Segment Start: Supplied entries

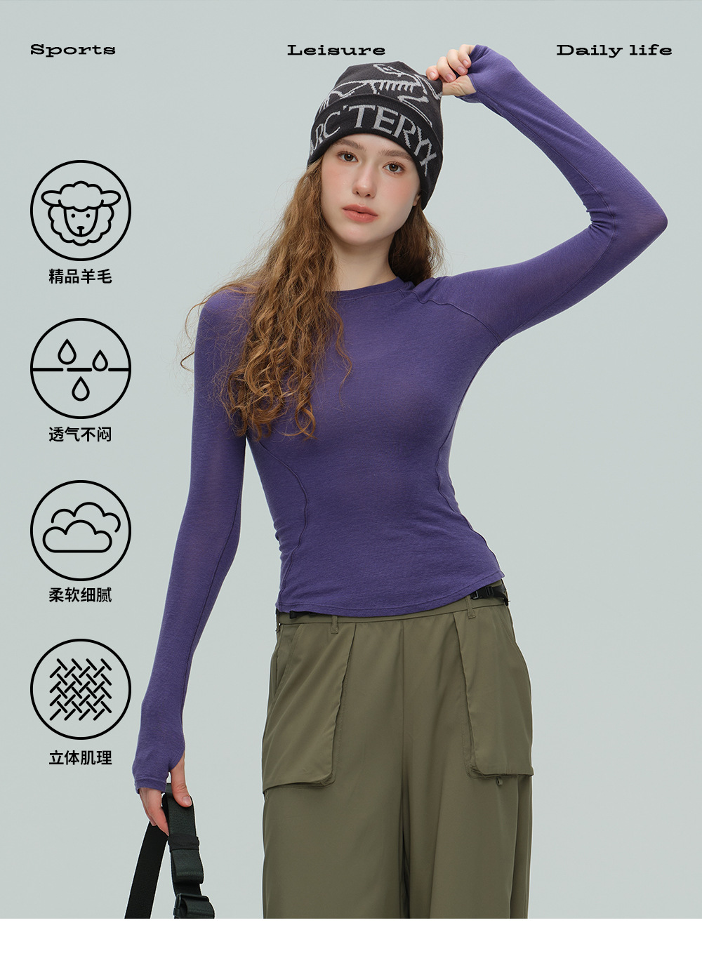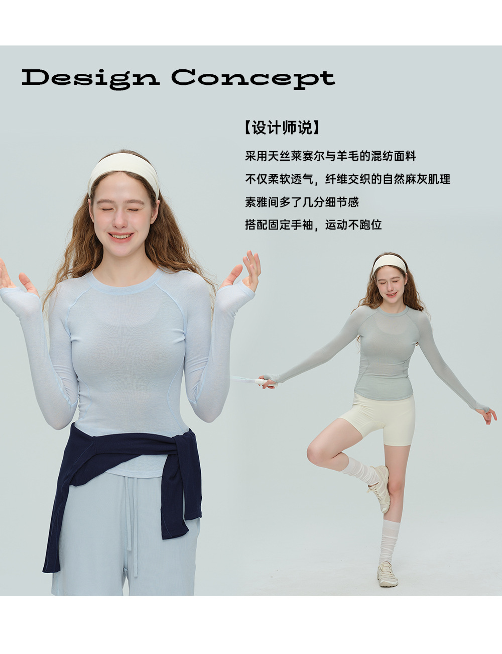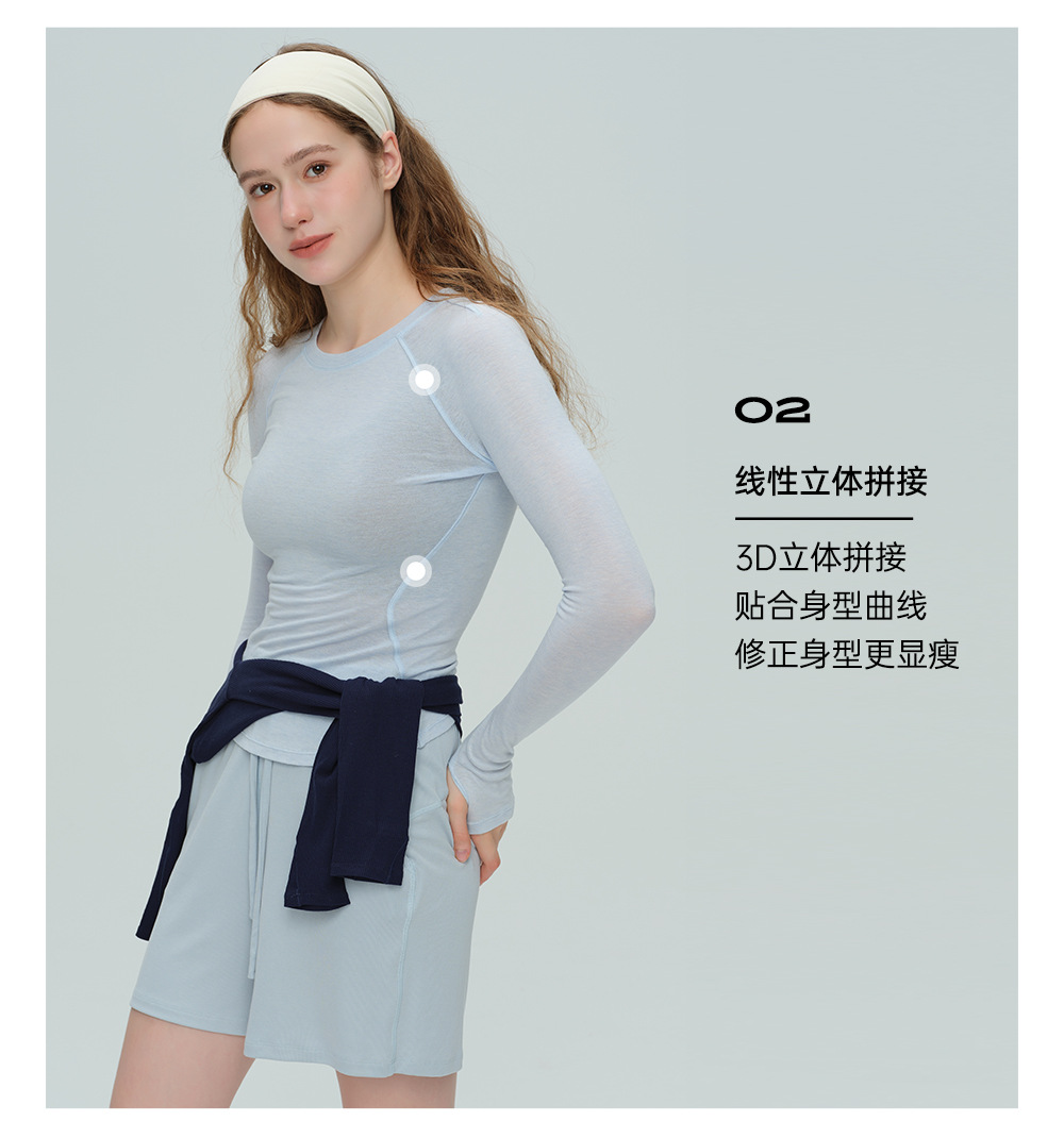 唤醒身心~天丝莱赛尔天奴丽丝运动瑜伽长袖固定手袖圆领健身服 中空膨体 保温不失温
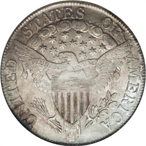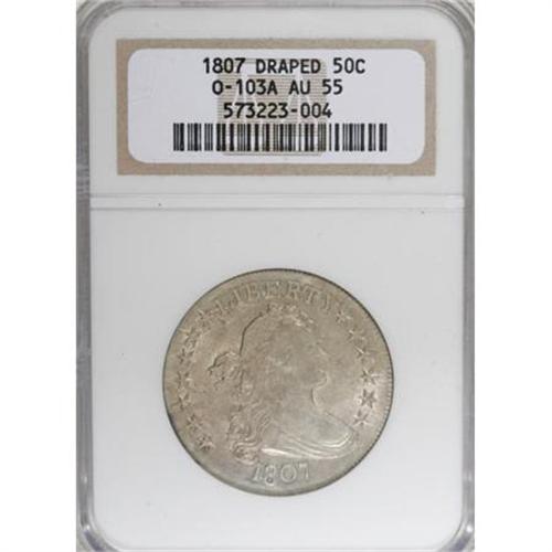 <B>1807 50C Draped Bust AU55 NGC.</B></I> O-103a, R.3. The late die state of O-103 has a crack that curves down to the right from the border to the right top of F, continues through the wing and AMERICA, and then curves to the left to join the claw. The die crack that developed on the obverse during the O-102 marriage is prominent. Don Parsley suggests an interrupted die marriage of O-102 and O-103, stating that the obverse is "usually visible" for both varieties.<BR> Nearly full frosty luster on both sides is accented by pale golden toning. The strike is blunt on the upper head details, and also at the central reverse. A few faint hairlines are visible.<BR> This example ranks at the low end of the Census for O-103, but it appears to be tied for the finest late state piece.<BR> Haseltine-4, Beistle 1A-b, Overton-8, 9, PCGS # 6079, Encyclopedia-4593.<BR><I>Ex: Northeast Numismatics (6/2004).<BR>From The Westmoreland County Collection of Early Bust Halves, 1794-1807.</B></I><BR><BR><B>Coin Engraver:</B> Robert Scot<BR><BR><b>Shipping:</b> Coins & Currency (<a target="_blank" href="http://www.heritageauctions.com/common/shipping.php">view shipping information</a>)
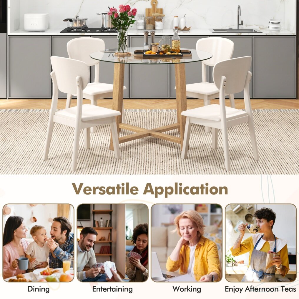 ● High-Quality Tempered Glass Tabletop: The dining table boasts a premium tempered glass tabletop, which is heat-resistant, explosion-proof, waterproof, and easy to clean, providing a sleek and practical dining surface that withstands daily wear and tear.
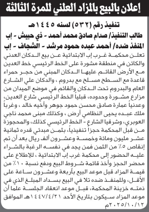 تعلن محكمة غرب إب الابتدائية عن بيع عقار المنفذ ضده/ أحمد مرشد إعلاناتمحاكم On أكتوبر 10, 2025 Share Share FacebookTwitterWhatsAppTelegramGoogle+البريد الإلكترونيPrint
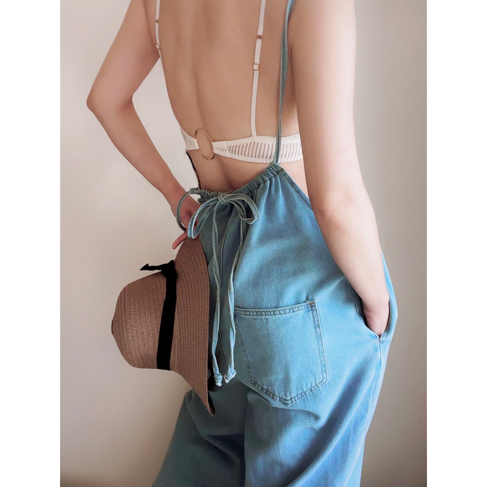 ・ストライプファブリックのカバーアップデザイン
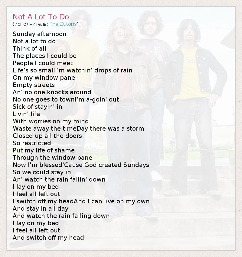 А как ты думаешь, о чем песня "Not A Lot To Do" ?
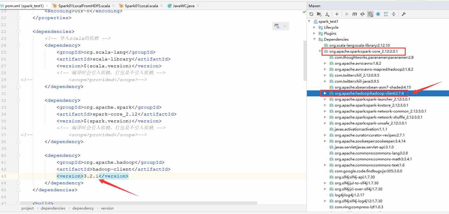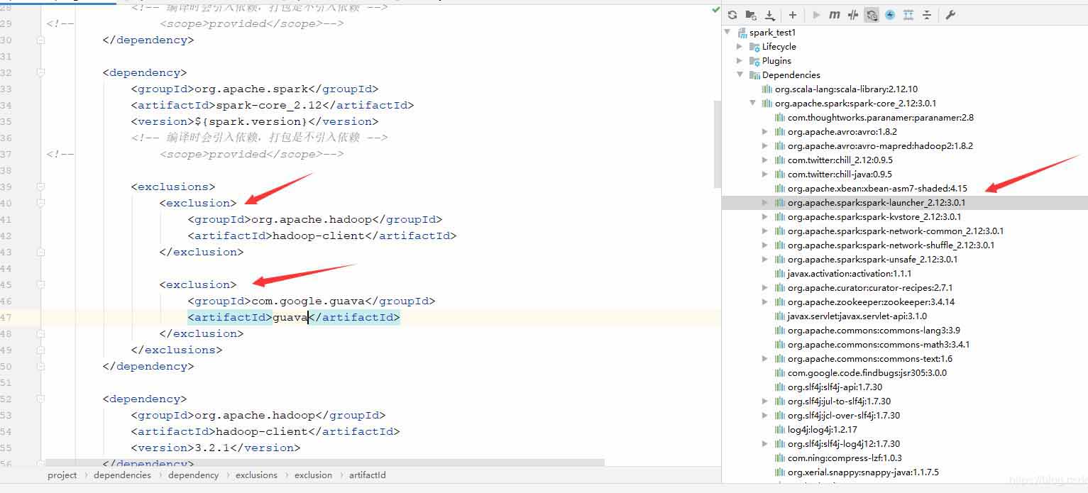 假如hadoop集群中hadoop版本是3.2.1,这时候为了保证程序能够顺利操作hadoop,需要引入hadoop-client的3.2.1版本。但这里也可以看到,spark-core_2.12内部也有对hadoop-client的依赖,而且版本是低版本的2.7.4,这时候往往就会产生冲突或者未知错误。所以需要使用exclusions做依赖排除。
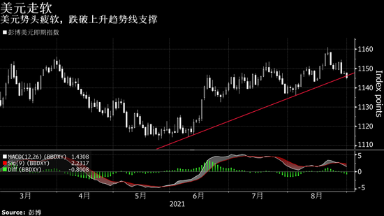 技術圖暗示美元還有進一步下跌的空間。彭博美元即期指數跌破了6月和8月低點所形成的上升趨勢綫支撑位,MACD和隨機指標等技術指標顯示美元勢頭疲軟。
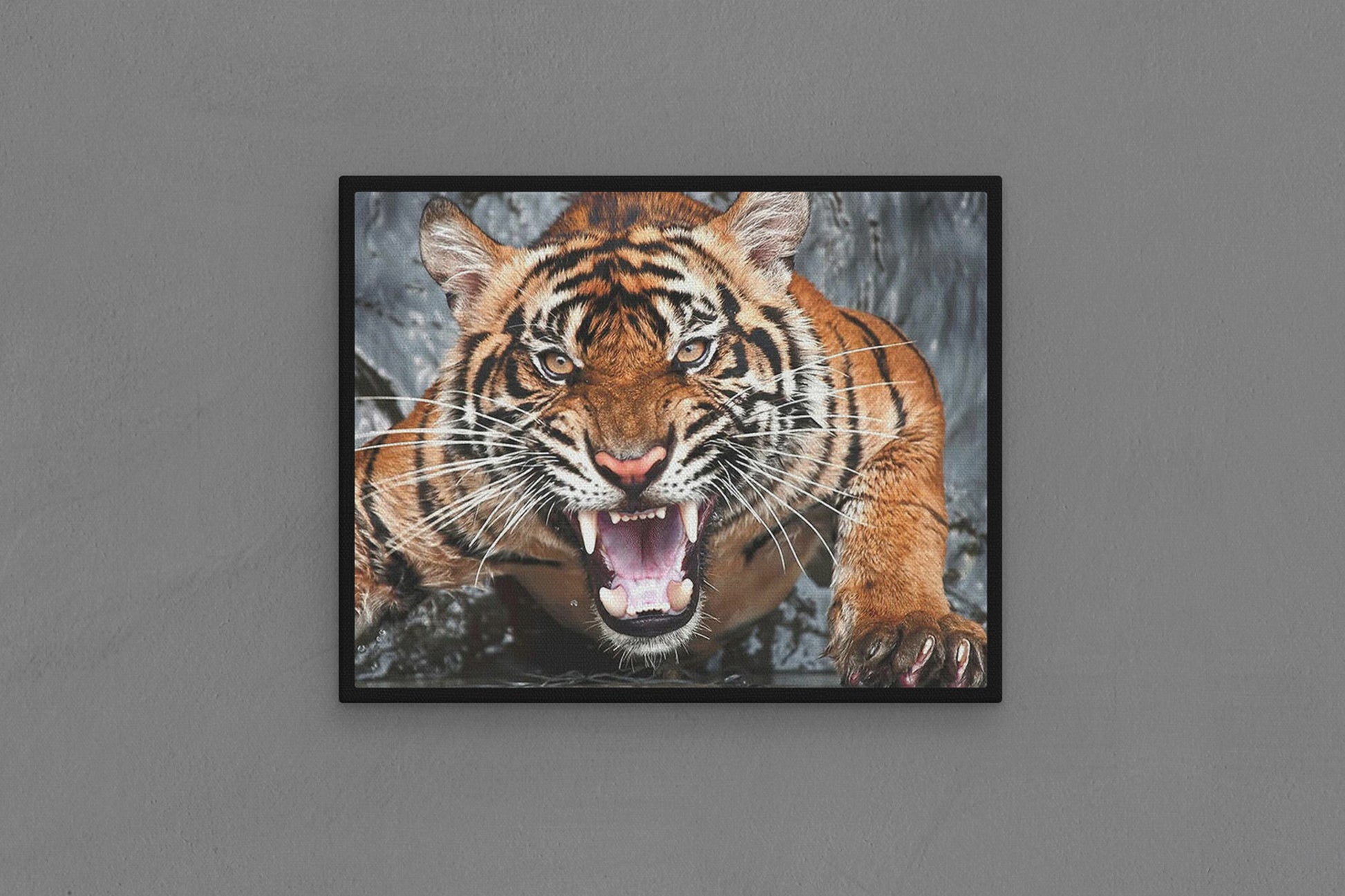 Canvas Frame with "Tiger - Growling Showing Teeth" Image
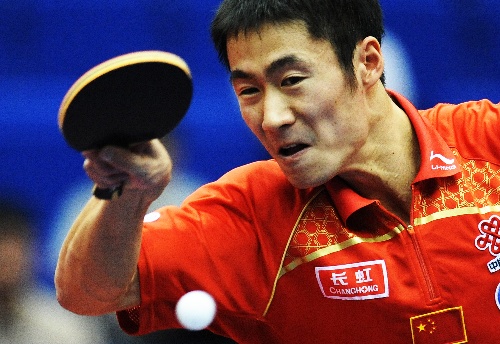横滨,2009年5月3日 (体育)(3)乒乓球——世乒赛:王励勤晋级四强 5月3日,中国选手王励勤在比赛中回球。当日,王励勤在第50届世乒赛男单四分之一决赛中,以4比3战胜队友陈玘,晋级四强。 新华社记者徐家军摄
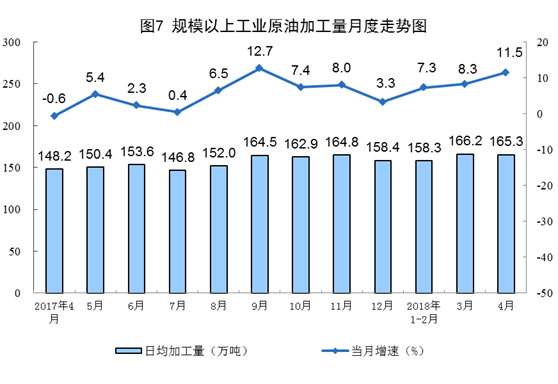 受去年同期大型石化企業(yè)停產(chǎn)檢修較多,以及今年原油進(jìn)口配額和成品油出口配額均大幅增加等多重因素影響,原油加工量增長(zhǎng)較快。4月份,原油加工量4958萬噸,同比增長(zhǎng)11.5%,比上月加快3.2個(gè)百分點(diǎn);日均加工165.3萬噸,比上月減少0.9萬噸。
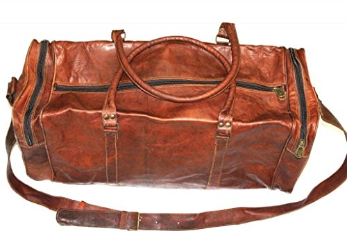 -. Brand : HLC -. Department : mens -. Feature : Handmade Leather Bag Crafted By Experienced Craftsmen in India / 54 Inch Long Adjustable Shoulder Broad Strap / Real Brass metal and steel accessories used in this Bag / Material-100% Genuine Real Goat hide ( sustained ) / 3 Compartments Inside With Green Color Strong Canvas Lining -. ProductGroup : Apparel -. ProductTypeName : LAGE -. Title : HLC-(Handmade Leather Craft) Men's Travel Lage Duffle Bag
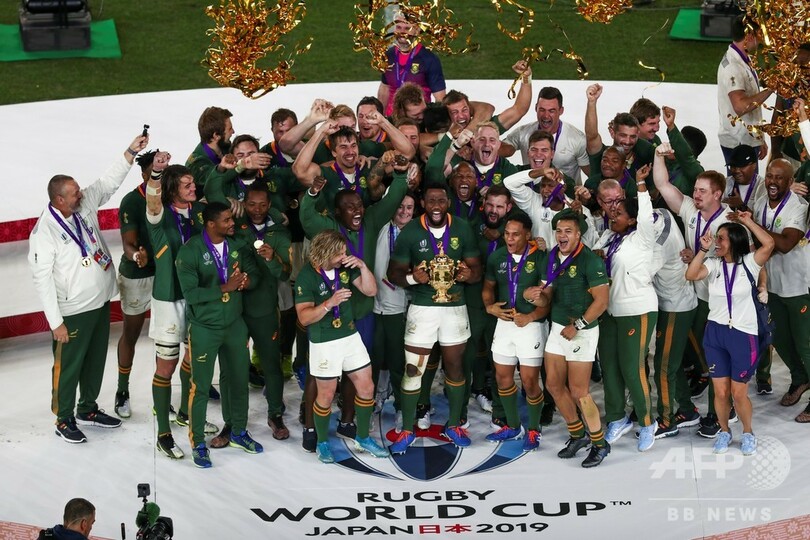 それでも、アリスター・クッツェー(Allister Coetzee)前HCから指揮官の座を引き継いだエラスムスHCは、わずか18か月でチームを笑われものからW杯王者へ生まれ変わらせ、日本大会では決勝でイングランドを32-12で下し、1995年大会と2007年大会に続くW杯優勝に導いた。(c)AFP

Segment End: Supplied entries

**Problem requirements:**
With the pictures omitted, print the lines above exactly, beginning at the line with "假如hadoop集群中had" and going on through the line with "Canvas Frame with".

**Reply:**
 假如hadoop集群中hadoop版本是3.2.1,这时候为了保证程序能够顺利操作hadoop,需要引入hadoop-client的3.2.1版本。但这里也可以看到,spark-core_2.12内部也有对hadoop-client的依赖,而且版本是低版本的2.7.4,这时候往往就会产生冲突或者未知错误。所以需要使用exclusions做依赖排除。
 技術圖暗示美元還有進一步下跌的空間。彭博美元即期指數跌破了6月和8月低點所形成的上升趨勢綫支撑位,MACD和隨機指標等技術指標顯示美元勢頭疲軟。
 Canvas Frame with "Tiger - Growling Showing Teeth" Image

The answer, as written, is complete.